Aspetar Orthopaedic and Sports Medicine Hospital, Doha, Qatar.
Erasmus MC Center for Groin Injuries, Department of Orthopaedics, Erasmus MC University Medical Centre, Rotterdam, the Netherlands.
Am J Sports Med. 2020 Apr;48(5):1151-1159. doi: 10.1177/0363546520908610. Epub 2020 Mar 17.
Time to return-to-sport (RTS) after acute adductor injuries varies among athletes, yet we know little about which factors determine this variance.
To investigate the association between initial clinical and imaging examination findings and time to RTS in male athletes with acute adductor injuries.
Cohort study (Prognosis); Level of evidence, 2.
Male adult athletes with an acute adductor injury were included within 7 days of injury. Standardized patient history and clinical and magnetic resonance imaging (MRI) examinations were conducted for all athletes. Athletes performed a supervised standardized criteria-based exercise treatment program. Three RTS milestones were defined: (1) clinically pain-free, (2) completed controlled sports training, and (3) first full team training. Univariate and multiple regression analyses were performed to determine the association between the specific candidate variables of the initial examinations and the RTS milestones.
We included 81 male adult athletes. The median duration for the 3 RTS milestones were 15 days (interquartile range, 12-28 days), 24 days (16-32 days), and 22 days (15-31 days), respectively. Clinical examination including patient history was able to explain 63%, 74%, and 68% of the variance in time to RTS. The strongest predictors for longer time to RTS were pain on palpation of the proximal adductor longus insertion or a palpable defect. The addition of MRI increased the explained variance with 7%, 0%, and 7%. The strongest MRI predictor was injury at the bone-tendon junction. Post hoc multiple regression analyses of players without the 2 most important clinical findings were able to explain 24% to 31% of the variance, with no added value of the MRI findings.

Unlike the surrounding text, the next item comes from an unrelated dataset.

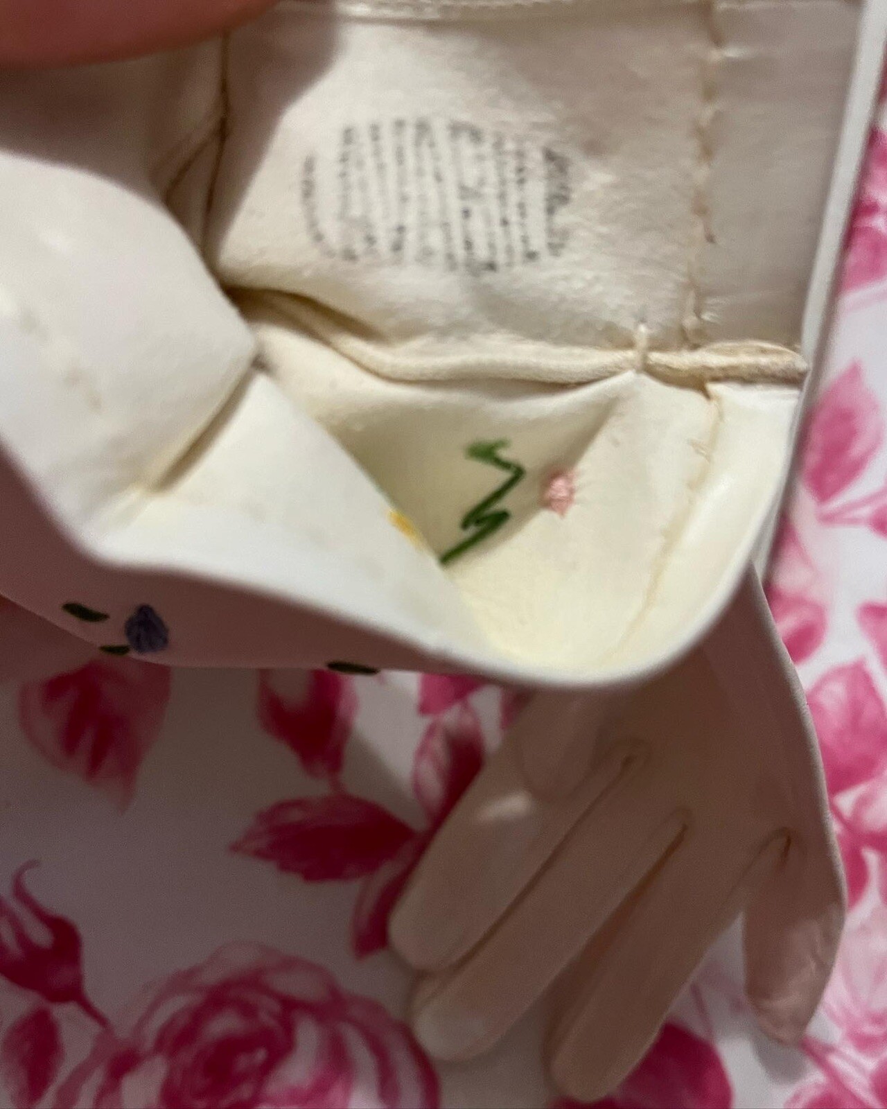 Vintage Girls Lavabile Floral Embroidered Gloves

The strongest predictors of a longer time to RTS after acute adductor injury were palpation pain at the proximal adductor longus insertion, a palpable defect, and/or an injury at the bone-tendon junction on MRI. For athletes without any of these findings, even extensive clinical and MRI examination does not assist considerably in providing a more precise estimate of time to RTS.
急性内收肌损伤后运动员重返运动(RTS)的时间各不相同,但我们对哪些因素决定这种差异知之甚少。
探讨男性急性内收肌损伤运动员初始临床和影像学检查结果与 RTS 时间的关系。
队列研究(预后);证据水平,2 级。
在损伤后 7 天内纳入急性内收肌损伤的成年男性运动员。对所有运动员进行标准化的病史、临床和磁共振成像(MRI)检查。运动员接受了基于标准的监督性运动治疗计划。定义了 3 个 RTS 里程碑:(1)临床无痛;(2)完成受控的运动训练;(3)首次完整的团队训练。进行单变量和多变量回归分析,以确定初始检查的特定候选变量与 RTS 里程碑之间的关系。
共纳入 81 名成年男性运动员。3 个 RTS 里程碑的中位时间分别为 15 天(四分位距,12-28 天)、24 天(16-32 天)和 22 天(15-31 天)。包括病史在内的临床检查能够解释 RTS 时间的 63%、74%和 68%。触诊近端内收肌长头止点疼痛或可触及缺陷是 RTS 时间延长的最强预测因素。MRI 增加了 7%、0%和 7%的解释方差。最强的 MRI 预测因素是骨-肌腱交界处的损伤。对没有 2 个最重要临床发现的运动员进行事后多变量回归分析,能够解释 24%至 31%的方差,MRI 结果没有额外价值。
急性内收肌损伤后 RTS 时间延长的最强预测因素是近端内收肌长头止点触诊疼痛、可触及的缺陷和/或 MRI 上的骨-肌腱交界处损伤。对于没有这些发现的运动员,即使进行广泛的临床和 MRI 检查,也不能为更准确地估计 RTS 时间提供很大帮助。